Perovskite quantum dots (PQDs) is also a class of solution‐processable semiconductors. In recent years, PQDs such as CsPbBr3 QDs have received widespread attention due to their high photoluminescence (PL) quantum yield, narrow emission bandwidth, strong light absorption, and good environmental stability.[ , , , , , ] Similar to MHPs, PQDs have excellent photoelectric properties and can be processed by organic solvents that cannot dissolve OSCs such as hexene, which provides possibilities for forming PHJs with OSCs. In particular, PQDs have good wettability with OSCs owning to the existence of surface organic ligands, which allows the deposition of them on top of OSCs, offering more freedom to the structure of PHJs. More importantly, the ion migration is greatly inhibited in PQDs,[ ] which is crucial to the operation stability of devices and to the realization of field‐effect devices. All these features of PQDs render them very attractive for being combined with OSCs to construct PHJs for novel photonic and electronic devices. However, although PQDs were previously reported to form heterojunctions with thermally evaporated OSCs,[ ] the demonstration of solution‐processed PQD/OSC PHJs and their applications have not been reported.

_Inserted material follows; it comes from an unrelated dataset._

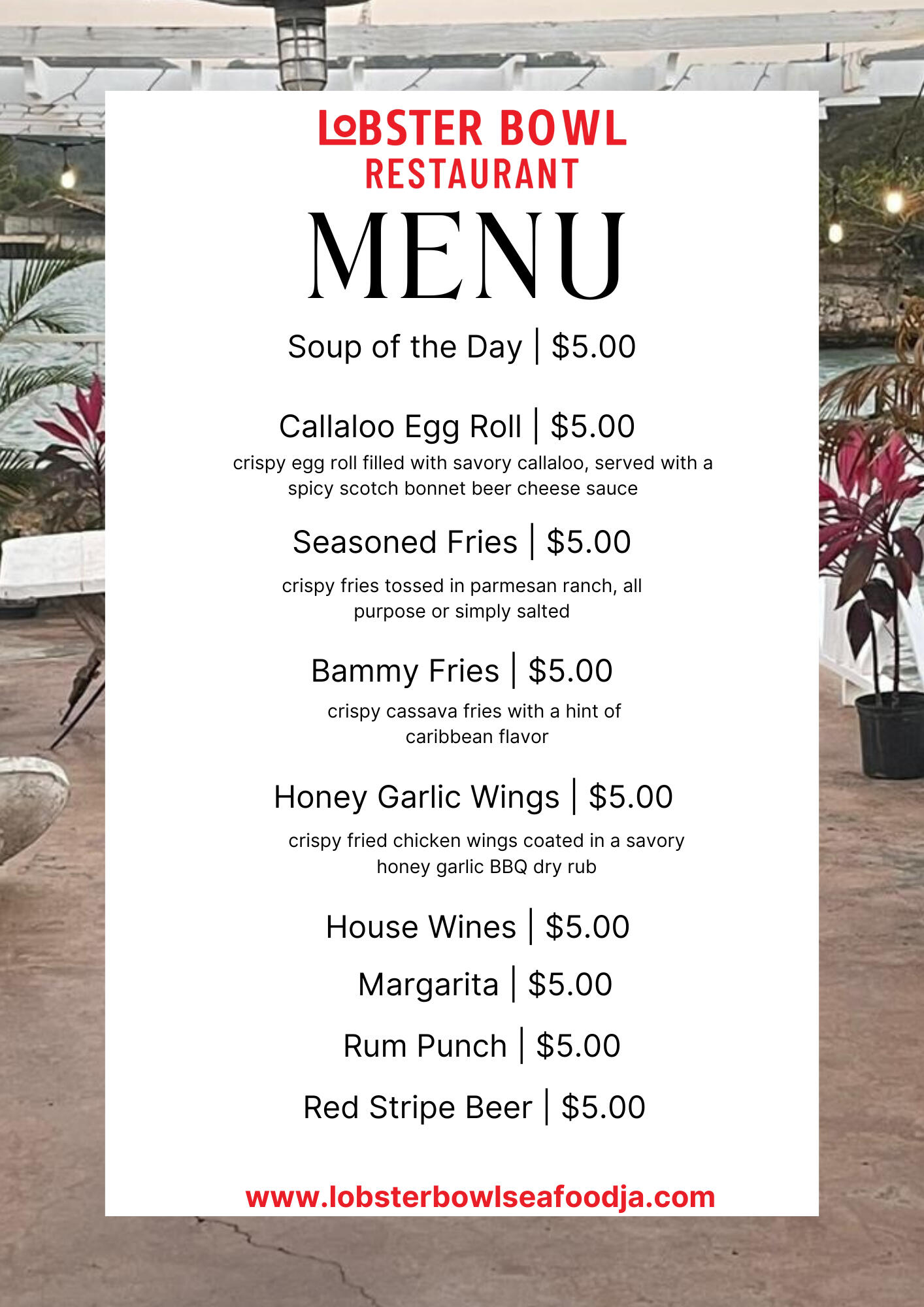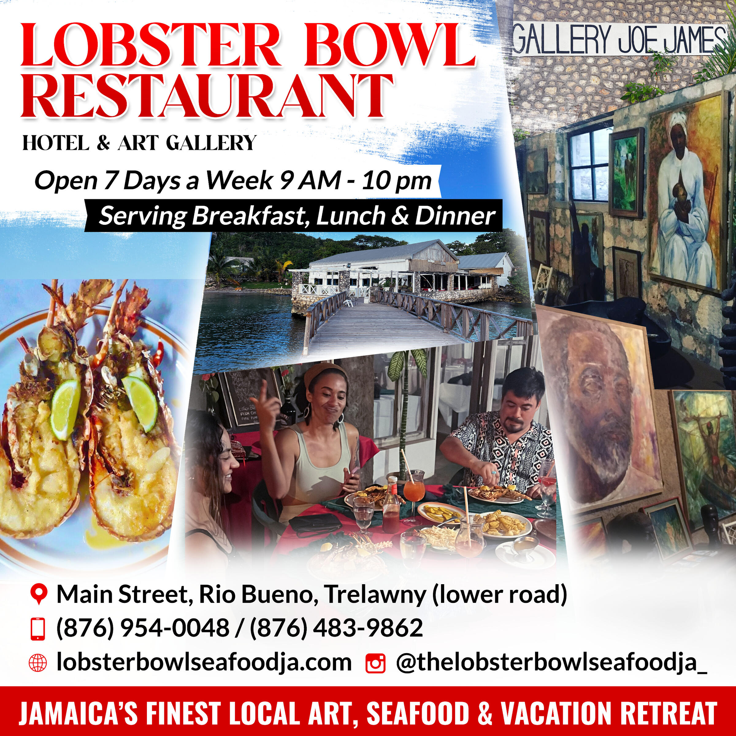 Welcome to the Lobster Bowl restaurant, where coastal elegance meets culinary mastery. Nestled in Rio Bueno, Trelawny, Jamaica, our restaurant is a symphony of flavors and scenic beauty. Immerse yourself in a dining experience that transcends the ordinary, as we showcase the finest seafood delicacies. From mesmerizing seaside views to our unique rustic ambiance - it's a journey of indulgence, where every moment is a celebration of taste, style, and the allure of the sea.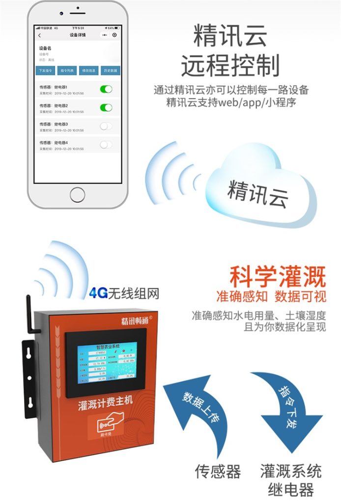 2.数据传输:应用LoRa、WIFI、4G/5G无线传输网络进行传输,设备自带LoRa网络,传输距离远,满足规模化农田灌溉;

In this work, we showcase the utilization of CsPbBr3 PQDs and OSCs for fabrication of solution‐processed PHJs, including bilayer PQD/OSC PHJs and tri‐layer OSC/PQD/OSC PHJs by simple spin‐coating method. Phototransistors based on the bilayer PQD/PDVT‐10 PHJs are constructed, which exhibit high responsivity up to 1.64 × 104 A W−1, specific detectivity of 3.17 × 1012 Jones, and ultrahigh I photo/I dark ratio up to 5.33 × 106. We reveal that efficient charge dissociation and transport, together with photogating effects in the PHJs contribute to the high performance of the phototransistors. Furthermore, we demonstrate photodiodes with tri‐layer PHJs consisting of PDVT‐10/PQD/Y6. The devices work in self‐powered mode (zero bias voltage) and exhibit decent photodetection performance in broad range from ultraviolet to near‐infrared (NIR). Our work demonstrates that the combination of PQDs with OSCs is an effective strategy to fabricate solution‐processed PHJs, and opens opportunities for more exploration and application of such PHJs.

Results and Discussion

Characterization of CsPbBr3 QDs and Fabrication of PQD/OSC PHJs

Figure  ,b illustrates the crystal structure of CsPbBr3 QDs and the chemical structures of PDVT‐10 (p‐type) and Y6 (n‐type), respectively. In this work, CsPbBr3 QDs were prepared using the hot‐injection method, and corresponding films were obtained through spin‐coating the solution at room temperature under ambient conditions.[ ] Figure 1c presents the transmission electron microscopy (TEM) image of the CsPbBr3 QDs films, which shows clearly the lattice fringes of CsPbBr3 QDs and their mean size of ≈11.3 nm (see the inset in Figure 1c). As the CsPbBr3 QDs are capped with oleic acid and oleylamine ligands, they provide good solubility in various organic solvents. Here, we use hexane (Hex) as the solvent for CsPbBr3 QDs as this solvent does not dissolve PDVT‐10 and Y6 which are processed from CB.

Figure 1

Structural and physical properties of CsPbBr3 QDs. a) Schematic structures of the CsPbBr3 QDs. b) The chemical structure of PDVT‐10 and Y6. c) TEM image of the CsPbBr3 QDs film. d) Contact angle measurements showing the wettability of FAPbI3 and CsPbBr3 QDs on PDVT‐10 films. e) Schematic diagrams of OSC/PQD, PQD/OSC, and OSC/PQD/OSC PHJs.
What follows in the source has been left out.